◆ What this task involves:
Leave every picture out and print exactly the lines that run from the one containing "8 Virgo 19 |" to the end of the listing.

◆ The data:
++++++

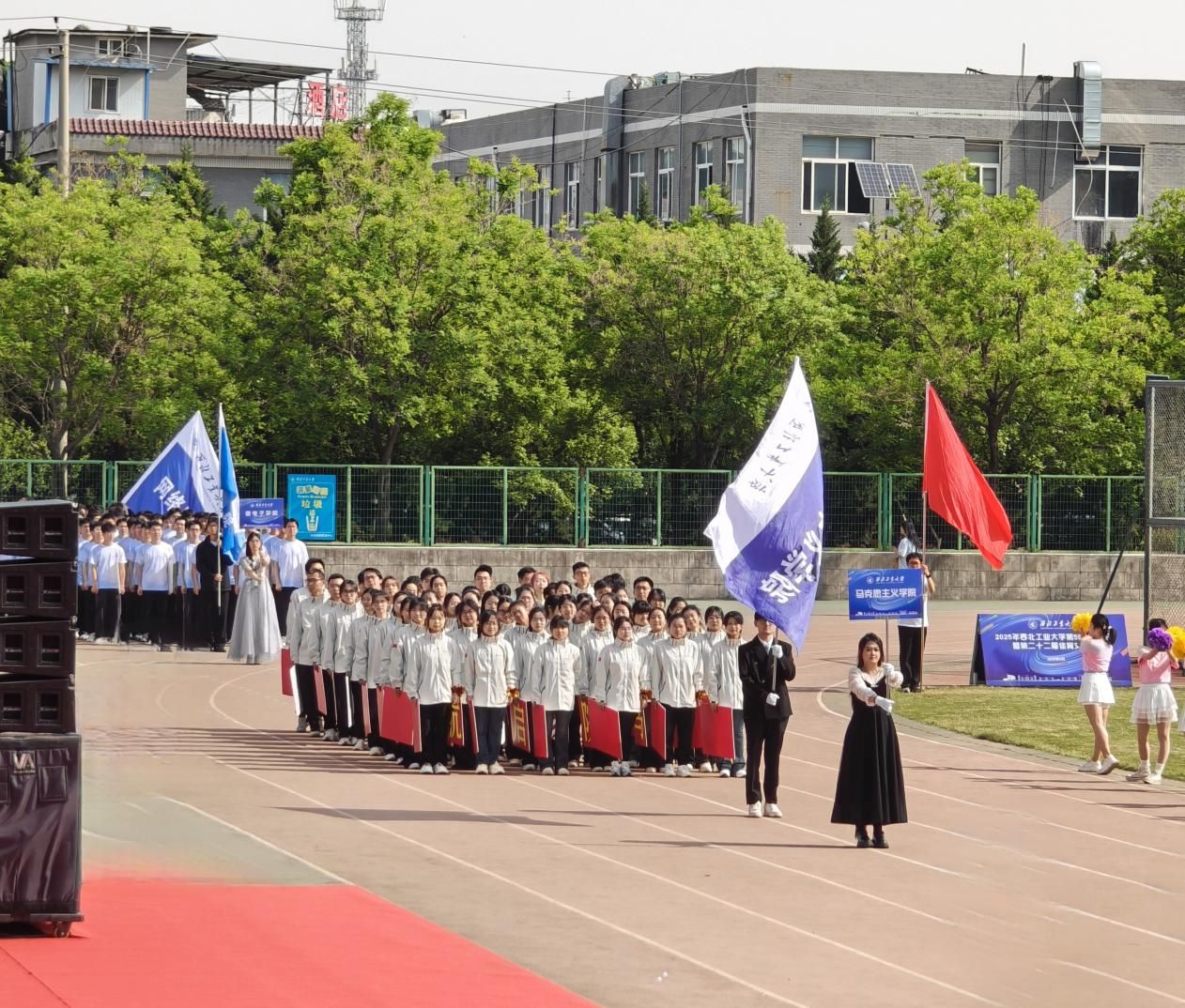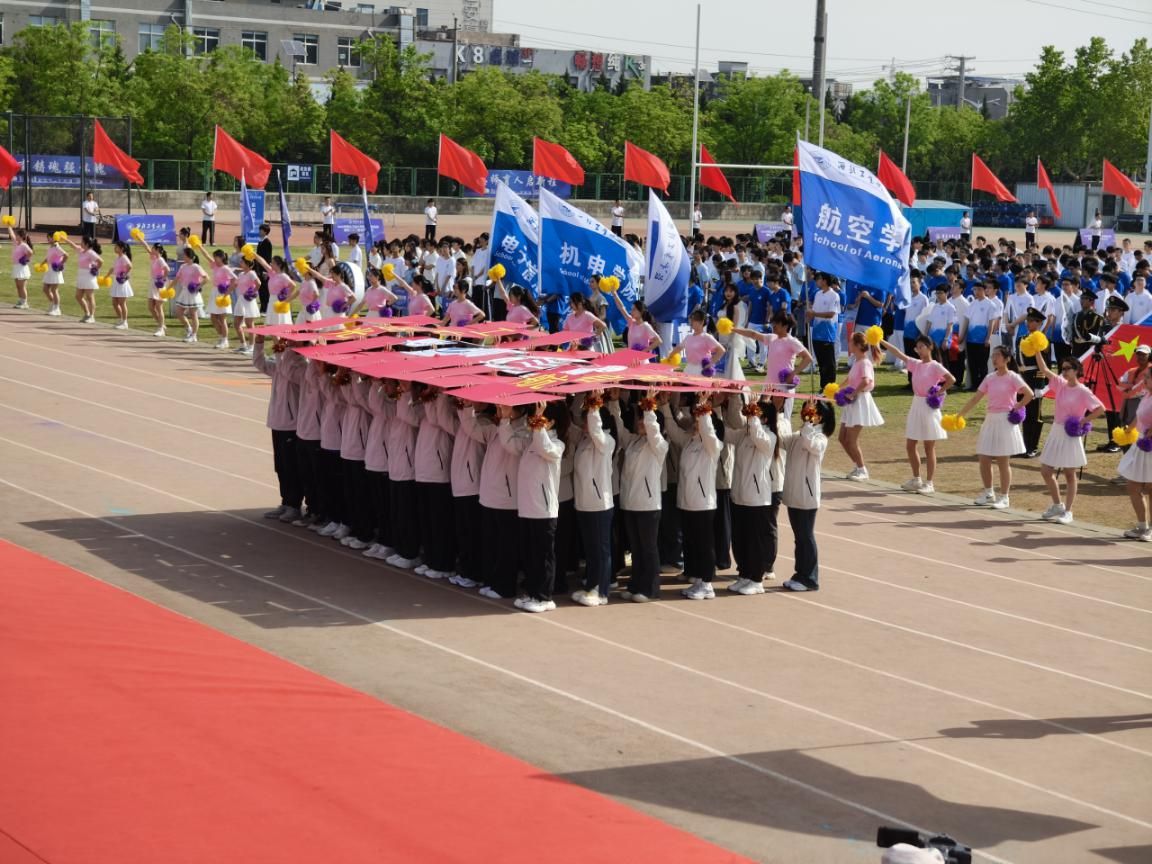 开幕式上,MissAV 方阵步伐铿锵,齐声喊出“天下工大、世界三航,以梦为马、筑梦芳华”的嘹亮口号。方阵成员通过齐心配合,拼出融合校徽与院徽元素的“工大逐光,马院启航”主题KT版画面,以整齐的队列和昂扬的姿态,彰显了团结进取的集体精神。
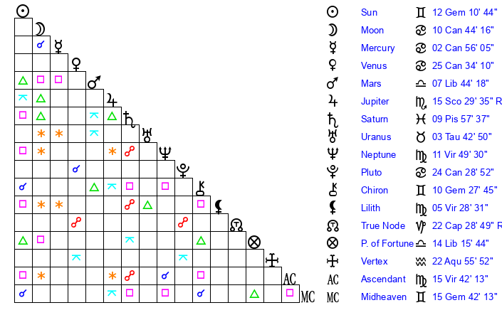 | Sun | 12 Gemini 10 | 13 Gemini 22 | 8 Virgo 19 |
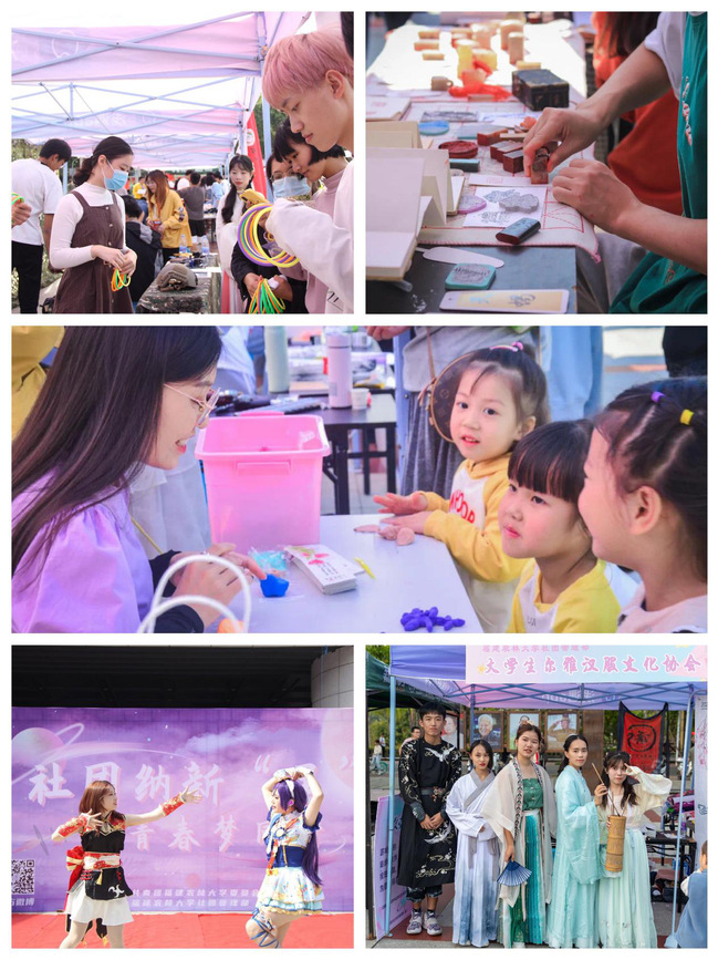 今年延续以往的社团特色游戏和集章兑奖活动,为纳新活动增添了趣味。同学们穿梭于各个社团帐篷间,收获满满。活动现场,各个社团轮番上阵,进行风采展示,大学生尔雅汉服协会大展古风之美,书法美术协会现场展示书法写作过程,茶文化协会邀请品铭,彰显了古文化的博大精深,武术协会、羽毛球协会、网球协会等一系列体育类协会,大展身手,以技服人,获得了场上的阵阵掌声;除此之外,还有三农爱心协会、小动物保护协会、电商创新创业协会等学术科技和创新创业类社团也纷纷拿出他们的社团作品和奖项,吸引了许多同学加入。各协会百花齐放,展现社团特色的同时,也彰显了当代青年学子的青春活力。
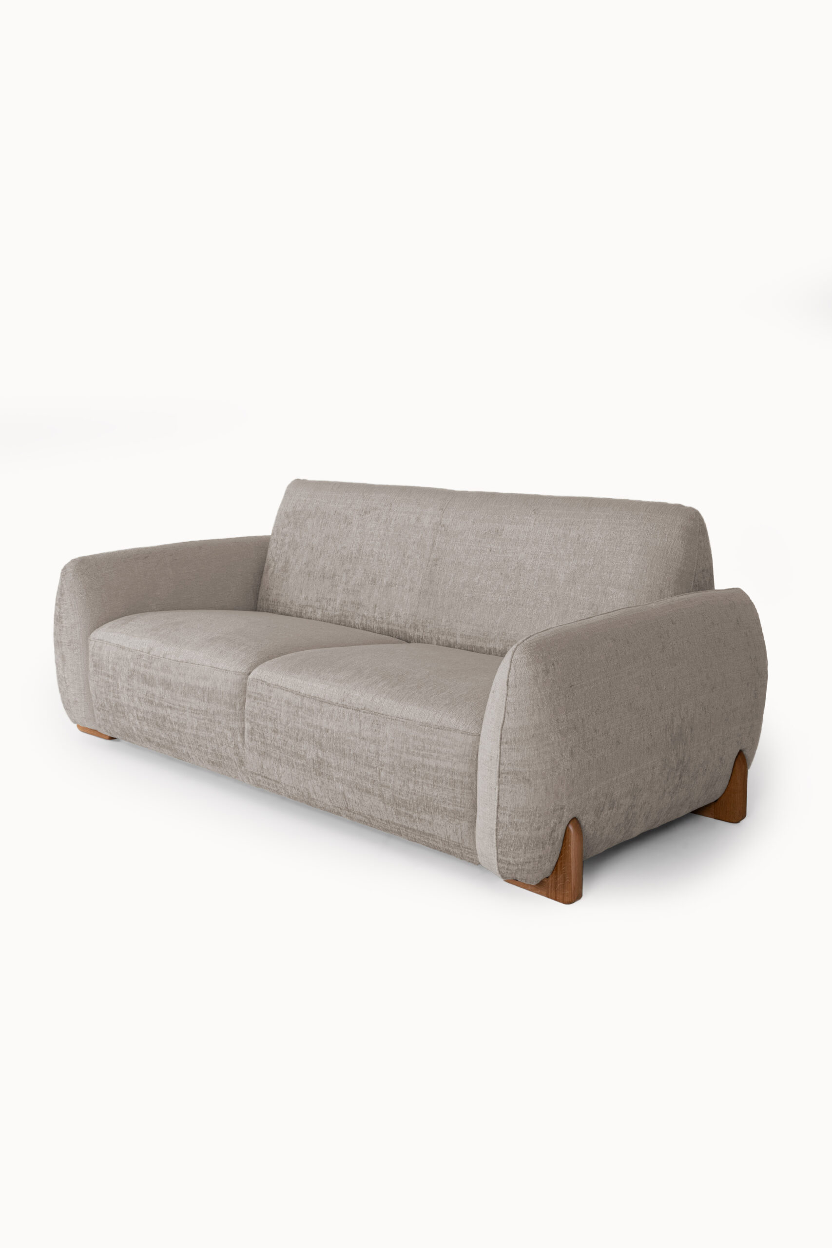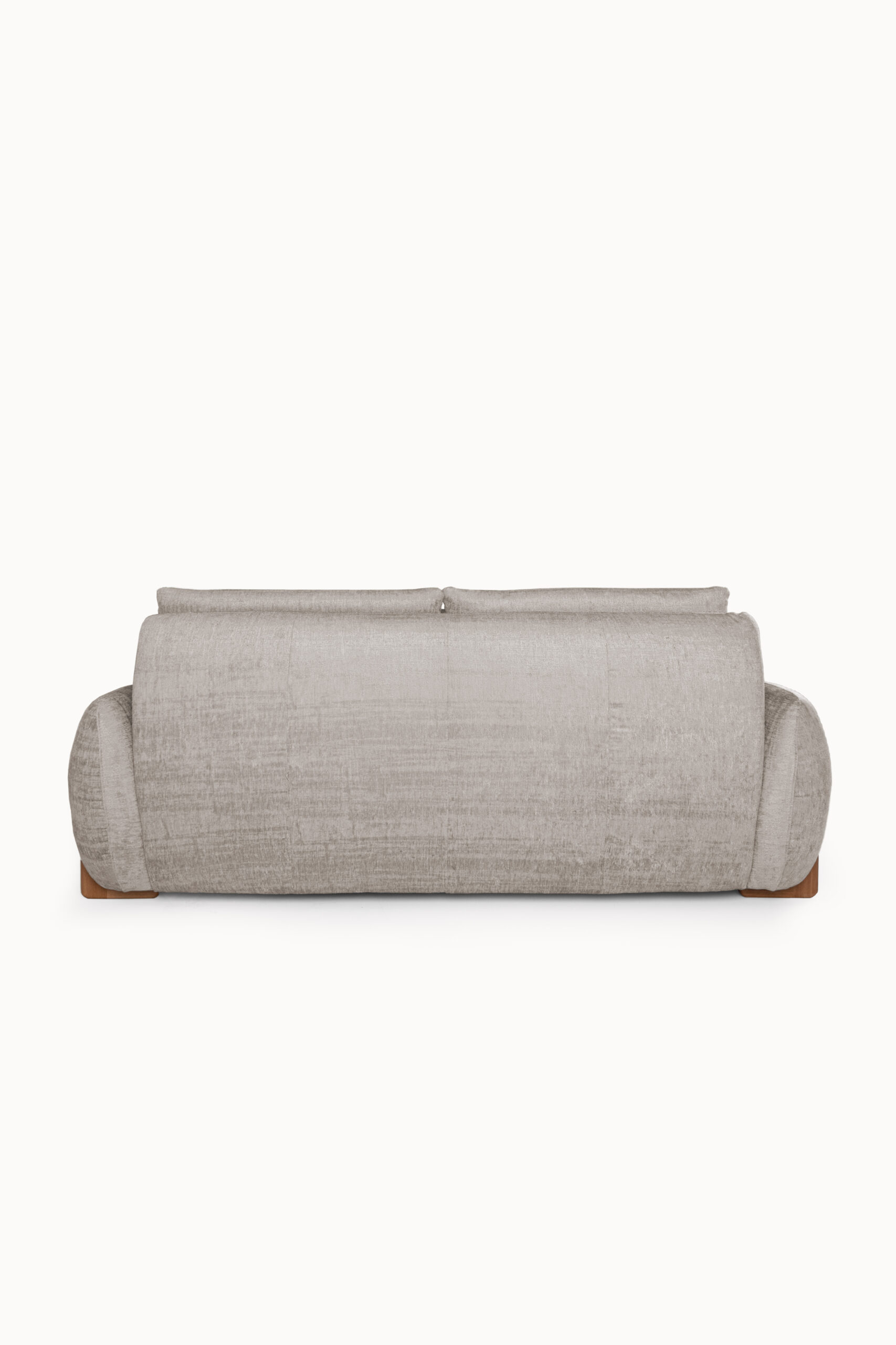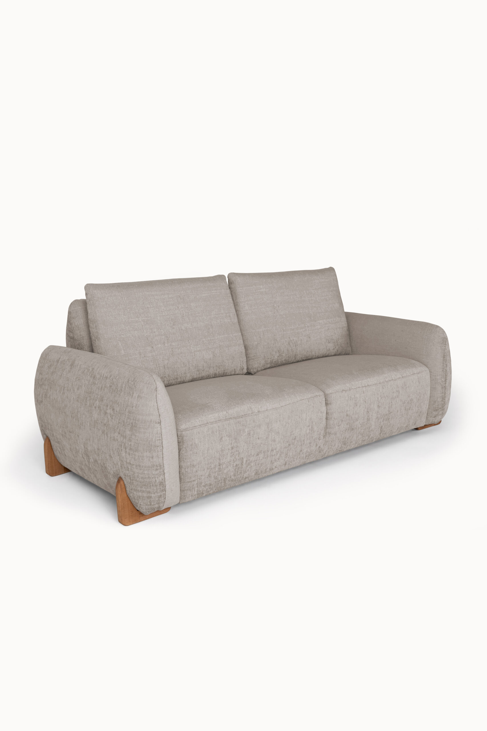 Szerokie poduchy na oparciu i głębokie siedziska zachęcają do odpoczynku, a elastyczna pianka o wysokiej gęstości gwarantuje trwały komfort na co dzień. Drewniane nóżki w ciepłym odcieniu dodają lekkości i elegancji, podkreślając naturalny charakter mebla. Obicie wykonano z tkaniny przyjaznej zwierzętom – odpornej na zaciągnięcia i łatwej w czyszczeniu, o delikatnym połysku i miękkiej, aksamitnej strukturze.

++++++

◆ Written response:
 | Sun | 12 Gemini 10 | 13 Gemini 22 | 8 Virgo 19 |
 今年延续以往的社团特色游戏和集章兑奖活动,为纳新活动增添了趣味。同学们穿梭于各个社团帐篷间,收获满满。活动现场,各个社团轮番上阵,进行风采展示,大学生尔雅汉服协会大展古风之美,书法美术协会现场展示书法写作过程,茶文化协会邀请品铭,彰显了古文化的博大精深,武术协会、羽毛球协会、网球协会等一系列体育类协会,大展身手,以技服人,获得了场上的阵阵掌声;除此之外,还有三农爱心协会、小动物保护协会、电商创新创业协会等学术科技和创新创业类社团也纷纷拿出他们的社团作品和奖项,吸引了许多同学加入。各协会百花齐放,展现社团特色的同时,也彰显了当代青年学子的青春活力。
 Szerokie poduchy na oparciu i głębokie siedziska zachęcają do odpoczynku, a elastyczna pianka o wysokiej gęstości gwarantuje trwały komfort na co dzień. Drewniane nóżki w ciepłym odcieniu dodają lekkości i elegancji, podkreślając naturalny charakter mebla. Obicie wykonano z tkaniny przyjaznej zwierzętom – odpornej na zaciągnięcia i łatwej w czyszczeniu, o delikatnym połysku i miękkiej, aksamitnej strukturze.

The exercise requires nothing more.